Using graphene, researchers bring theorized mechanism of conduction to life

(Nanowerk News) Humans have harnessed large portions of the electromagnetic spectrum for diverse technologies, from X-rays to radios, but a chunk of that spectrum has remained largely out of reach. This is known as the terahertz gap, located between radio waves and infrared radiation, two parts of the spectrum we use in everyday technologies including cell phones, TV remotes and toasters.
A theory developed by the late Stanford professor and Nobel laureate Felix Bloch suggested that a specially structured material that allowed electrons to oscillate in a particular way might be able to conduct these sought-after terahertz signals.
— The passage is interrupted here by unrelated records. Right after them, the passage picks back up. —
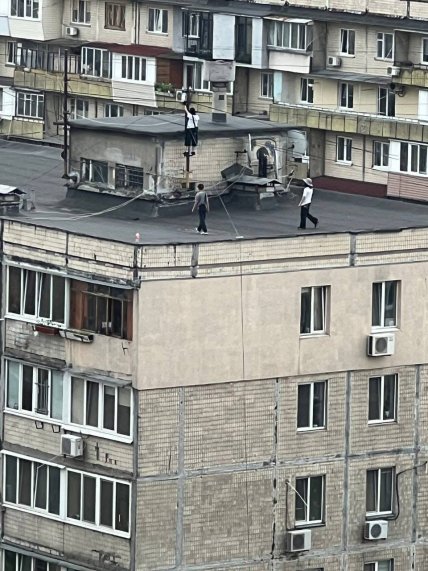 На опубликованных фото можем увидеть троих парней, которые развлекаются на крыше по меньшей мере девятиэтажки.
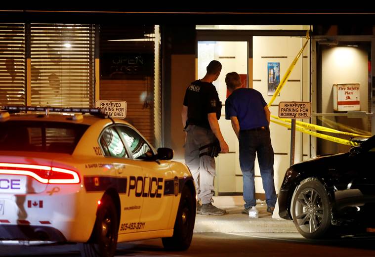 Police officers stand in front of Bombay Bhel restaurant, where two unidentified men set off a bomb late Thursday night, wounding more than a dozen people, in Mississauga, Ontario, Canada May 25, 2018. REUTERS/Mark Blinch
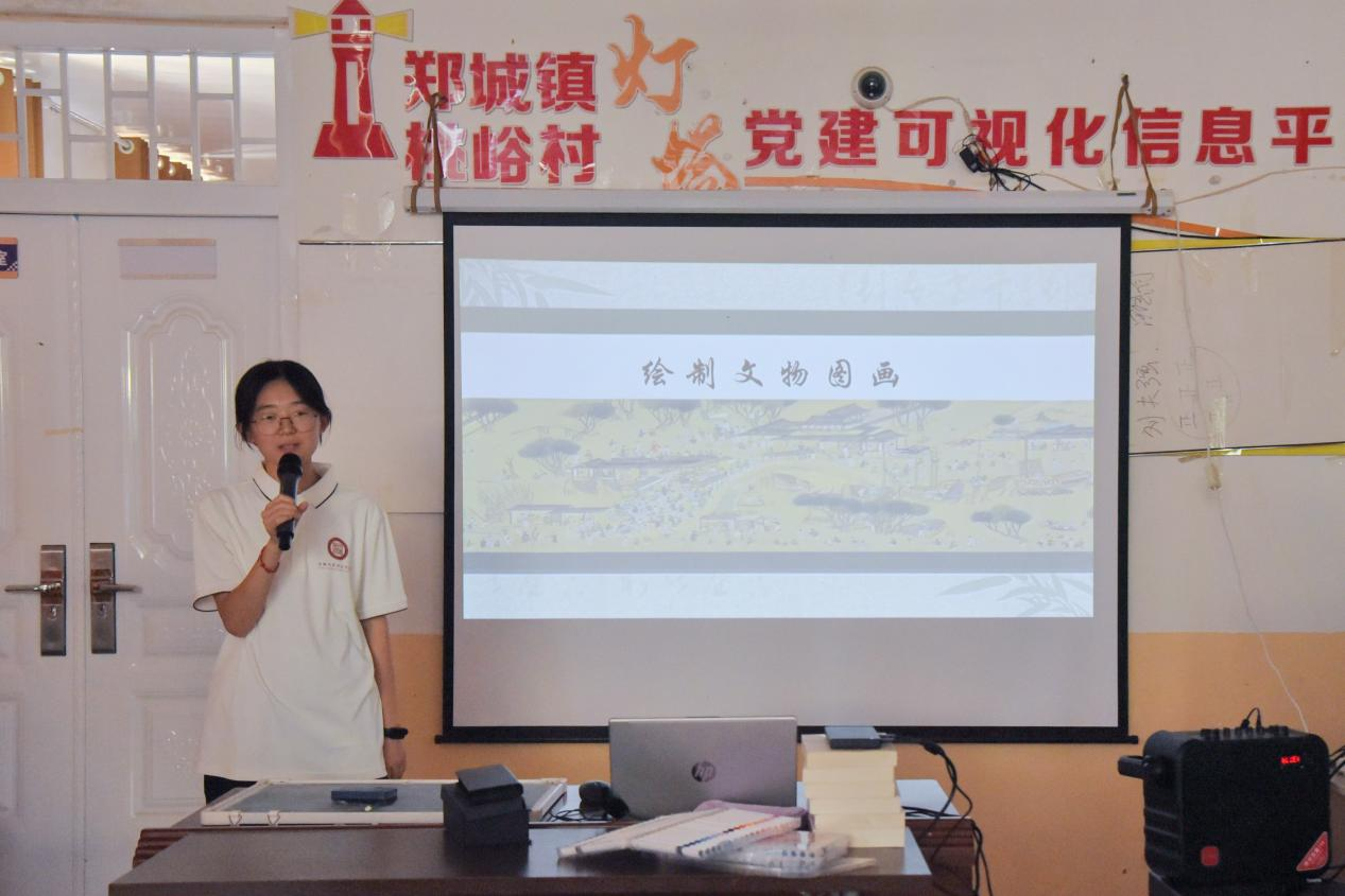 为了让孩子们在标准发音中体会普通话之韵、在英雄故事里传承沂蒙精神、在文物绘画中触摸历史温度,7月19日,“乡童书韵”社会实践服务队在桃峪村继续开展支教活动。
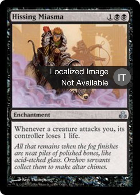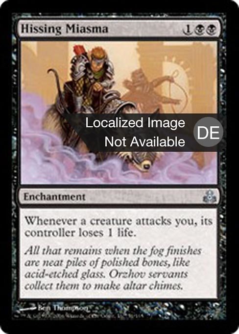 |  Variations— Parts— | Hissing MiasmaWhenever a creature attacks you, its controller loses 1 life.
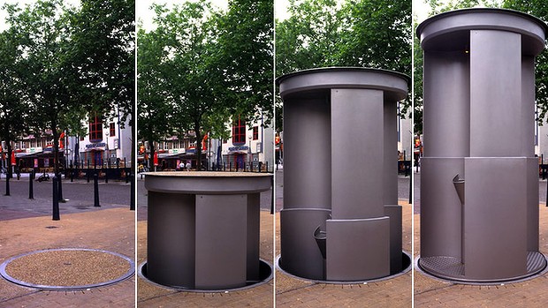 You are walking on a London street at night. You are pretty sloshed. You need to pee. You spot a cylindrical public loo that looks like a time machine. You unburden yourself and head home. The very next morning you happen to pass by the same street. It’s the same place, the same pastry shop on the roadside, the same signboard on the crossing. But somehow you can’t spot the giant time-machine loo. No, you weren’t that drunk that you imagined the whole thing and peed on the pavement. It’s the loo that has vanished. This is the UriLift Public pop-up Toilet you’d find in London. These disappearing urinals are the perfect examples of utilization of space. They stand solid every night for the benefit of night-owls with a tad too many gallons of beer into their systems. Come morning and they do a Cinderalla act. Yes, they are sucked into the ground. Not a trace of the structure. Maybe that is also how houses disappear in horror stories.

Now, decades after Bloch’s theory, Stanford physicists may have developed materials that enable these theorized oscillations, someday allowing for improvements in technologies from solar cells to airport scanners. The group published their findings in the Sept. 29 issue of Science ("Ballistic miniband conduction in a graphene superlattice").
graphene superlattice
The graphene superlattice in which Stanford researchers measured conduction behaviors. Two-dimensional material is shown in green. (Image: Menyoung Lee)
Innovations in superlattice materials
Researchers have long thought that materials with repeating spatial patterns on the nanoscale might allow for Bloch’s oscillations, but technology is only just catching up to theory. Such a material requires that electrons travel long distances without deflection, where even the smallest imperfection in the medium through which the electrons flow can put them off their original path, like a stream trying to wind over and around rocks and fallen trees.
Burgeoning research in the field of two-dimensional materials and superlattices could make this type of material a reality. Superlattices are semiconductors made by layering ultra-thin materials whose atoms are arranged in a periodic lattice pattern.
For this study, the researchers created a two-dimensional superlattice by sandwiching a sheet of atomically thin graphene in between two sheets of electrically insulating boron nitride. The atoms in the graphene and boron nitride have slightly different spacing, so when they are stacked on top of each other they create a special wave interference pattern called a moiré pattern.
New uses for electrons
Protected from air and contaminants by boron nitride above and below, electrons in the graphene flow along smooth paths without deflection, exactly as theory suggested would be needed to conduct terahertz signals. The researchers were able to send electrons through the graphene sheet, collect them on the other side and use them to thus infer the activity of the electrons along the way.
Usually, when a voltage is applied across a crystal, electrons are continuously accelerated in the direction of the electric field until they are deflected. In this moiré superlattice, researchers showed that the electrons can be confined to narrower bands of energy, said physics Professor David Goldhaber-Gordon, co-author of the study. Combined with very long times between deflections, this should lead the electrons to oscillate in place and emit radiation in the terahertz frequency range. This is a foundational success on the path toward creating controlled emission and sensing of terahertz frequencies.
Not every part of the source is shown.